# WORK TASK
Go through the listing and repeat each entry exactly, but include no pictures.

# THE INPUT

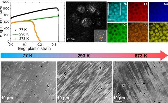 이 새로운 합금은 영하 196도(77K)부터 600도(873K)까지 넓은 온도 범위에서도 강도와 유연성을 거의 일정하게 유지한다.
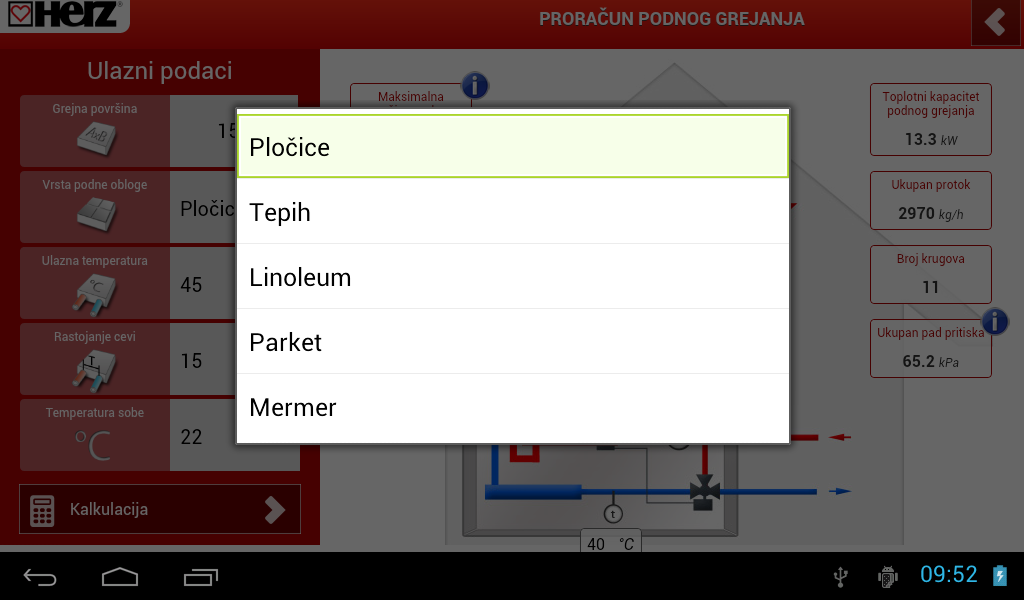 Како најважни податоци, ги добиваме топлинскиот капацитет на подното греење, вкупниот проток и падот на притисок поради изборот на пумпата. Сите влезни параметри може да се менуваат со цел да се добијат потребните излезни параметри. Со добиените излезни параметри не се надминуваат физиолошки дозволените температури на подот.
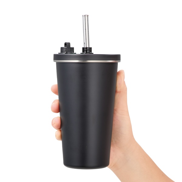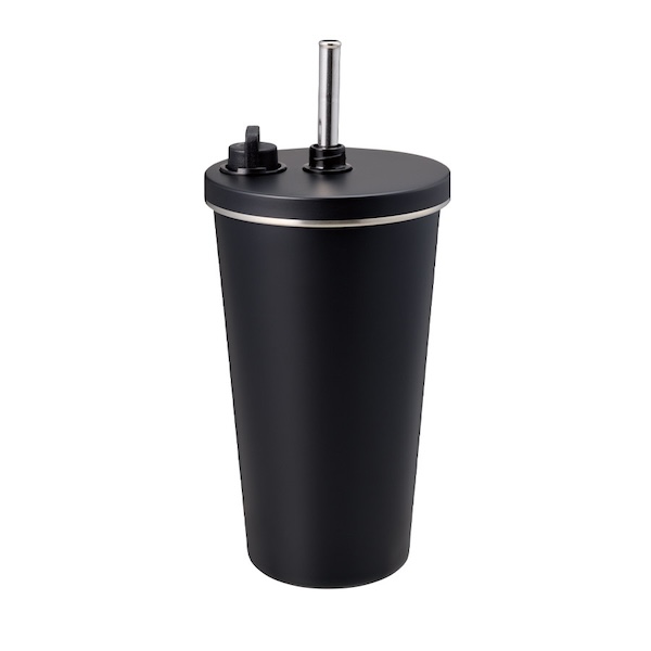 スタイリッシュなデザインが特徴のストロー付きサーモタンブラーです。
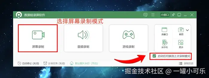 注意:要是想偷懒,下次启动时勾选右下角 “启动后自动用上次的录制模式” ,省得重复调参数。
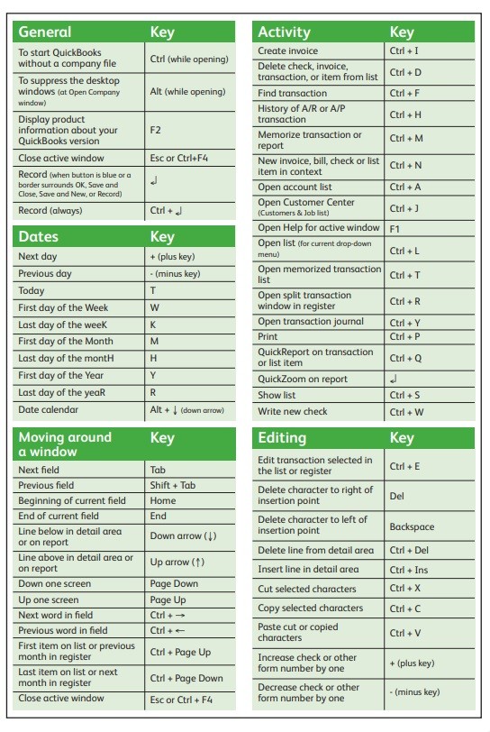 Like the shortcuts you might use in excel tips tricks shortcuts, these advanced QuickBooks shortcuts can radically enhance your productivity once you've mastered them. Check out the image below from Fintech college for the complete list of shortcuts:
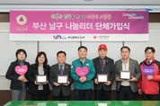 뉴한국방송뉴스통신사 신유철기자 기자 | 부산 남구의 나눔 문화 확산을 이끌 새로운 ‘남구 나눔리더’ 4인이 지난 12월 8일 탄생했다. 이날 가입식에는 대연4동 새마을문고 회장 전정희(70호), 대연4동 지역사회보장협의체 前위원장 주영식(73호), 용호4동 주민자치위원회 위원장 김동식(71호), 사무국장 임용한(72호) 등 지역을 대표해 꾸준히 봉사해 온 주민 인사들이 참석했다 이들은 각 동에서 지역 발전과 이웃 돌봄에 앞장서 왔으며, 개인 고액 기부를 통해 나눔리더로서의 책임과 실천을 이어가겠다는 뜻을 밝혔다. 부산사회복지공동모금회 박선욱 사무처장은 “지역 공동체를 위해 헌신해 오신 주민 대표 네 분이 나눔리더로 함께해 더욱 든든하다”며 “기탁해주신 성금은 지역 내 도움이 꼭 필요한 곳에 투명하고 책임감 있게 사용하겠다”고 말했다. 오은택 남구청장은 “활동하는 동은 다르지만, 지역과 이웃을 향한 나눔리더들의 마음은 하나”라며 “이 소중한 뜻이 필요한 곳에 온전히 전달될 수 있도록 행정에서도 최선을 다하겠다”고 밝혔다. 한편, 나눔리더는 사회복지공동모금회의 개인 기부 프로그램으로, 1년
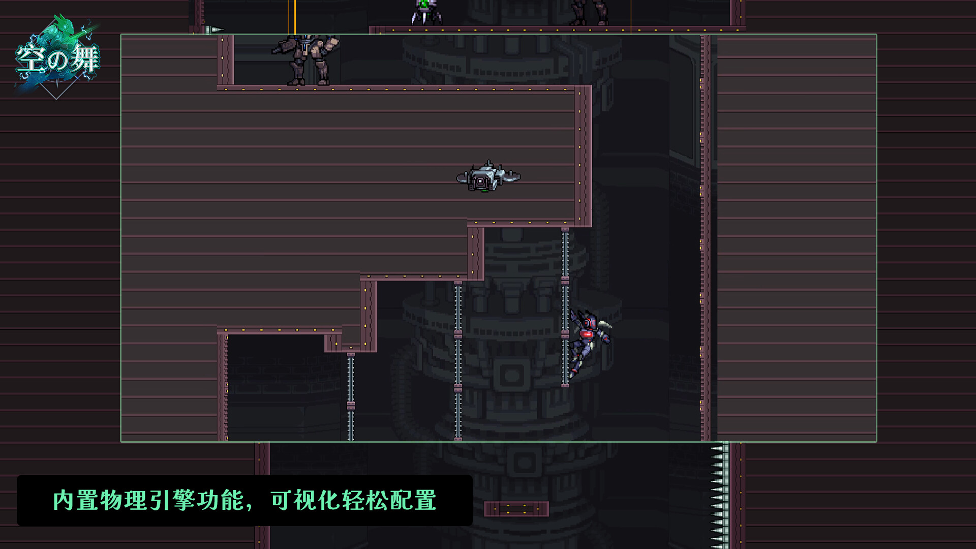 该模板是GameCreator官方出品的游戏模板-《空之舞》。 是一款类银河战士恶魔城的2D平台跳跃游戏模板。
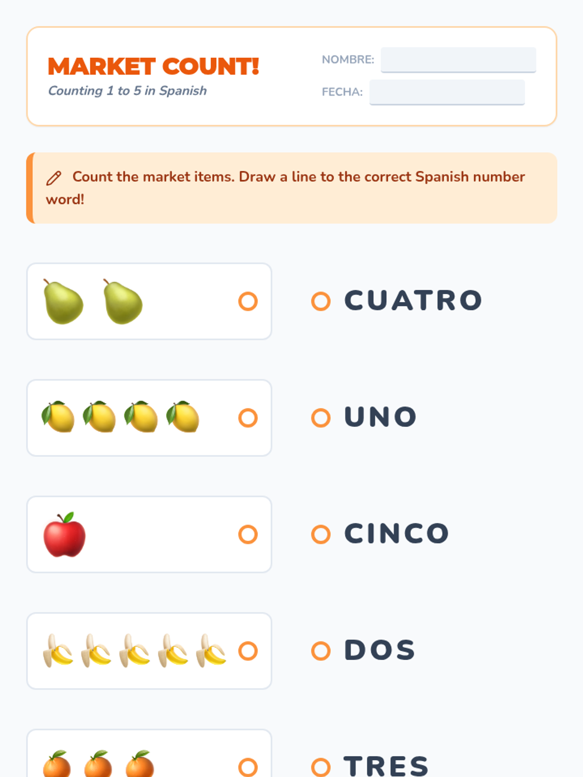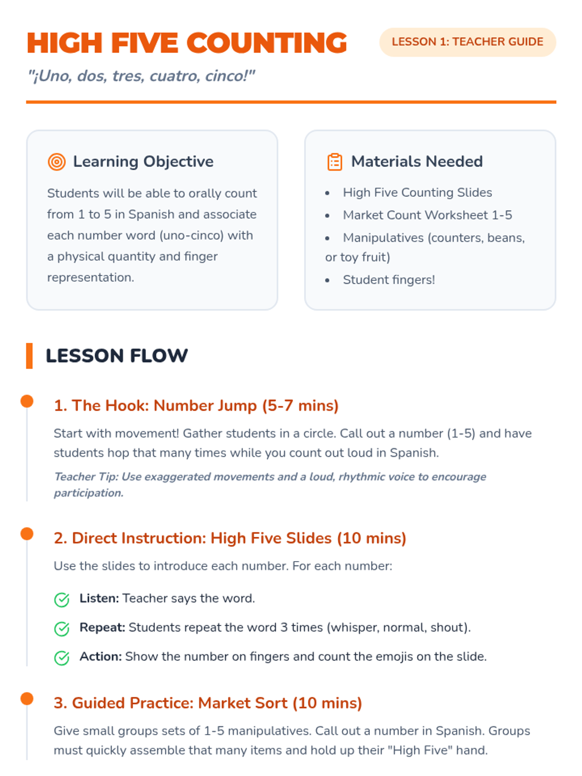 A beginner Spanish sequence for 1st graders focused on numbers 1-10 and basic transactional language. Students use a market-themed project to practice counting, asking 'how many', and requesting items politely.

# SOLUTION FOR THIS EXERCISE
 이 새로운 합금은 영하 196도(77K)부터 600도(873K)까지 넓은 온도 범위에서도 강도와 유연성을 거의 일정하게 유지한다.
 Како најважни податоци, ги добиваме топлинскиот капацитет на подното греење, вкупниот проток и падот на притисок поради изборот на пумпата. Сите влезни параметри може да се менуваат со цел да се добијат потребните излезни параметри. Со добиените излезни параметри не се надминуваат физиолошки дозволените температури на подот.
 スタイリッシュなデザインが特徴のストロー付きサーモタンブラーです。
 注意:要是想偷懒,下次启动时勾选右下角 “启动后自动用上次的录制模式” ,省得重复调参数。
 Like the shortcuts you might use in excel tips tricks shortcuts, these advanced QuickBooks shortcuts can radically enhance your productivity once you've mastered them. Check out the image below from Fintech college for the complete list of shortcuts:
 뉴한국방송뉴스통신사 신유철기자 기자 | 부산 남구의 나눔 문화 확산을 이끌 새로운 ‘남구 나눔리더’ 4인이 지난 12월 8일 탄생했다. 이날 가입식에는 대연4동 새마을문고 회장 전정희(70호), 대연4동 지역사회보장협의체 前위원장 주영식(73호), 용호4동 주민자치위원회 위원장 김동식(71호), 사무국장 임용한(72호) 등 지역을 대표해 꾸준히 봉사해 온 주민 인사들이 참석했다 이들은 각 동에서 지역 발전과 이웃 돌봄에 앞장서 왔으며, 개인 고액 기부를 통해 나눔리더로서의 책임과 실천을 이어가겠다는 뜻을 밝혔다. 부산사회복지공동모금회 박선욱 사무처장은 “지역 공동체를 위해 헌신해 오신 주민 대표 네 분이 나눔리더로 함께해 더욱 든든하다”며 “기탁해주신 성금은 지역 내 도움이 꼭 필요한 곳에 투명하고 책임감 있게 사용하겠다”고 말했다. 오은택 남구청장은 “활동하는 동은 다르지만, 지역과 이웃을 향한 나눔리더들의 마음은 하나”라며 “이 소중한 뜻이 필요한 곳에 온전히 전달될 수 있도록 행정에서도 최선을 다하겠다”고 밝혔다. 한편, 나눔리더는 사회복지공동모금회의 개인 기부 프로그램으로, 1년
 该模板是GameCreator官方出品的游戏模板-《空之舞》。 是一款类银河战士恶魔城的2D平台跳跃游戏模板。
 A beginner Spanish sequence for 1st graders focused on numbers 1-10 and basic transactional language. Students use a market-themed project to practice counting, asking 'how many', and requesting items politely.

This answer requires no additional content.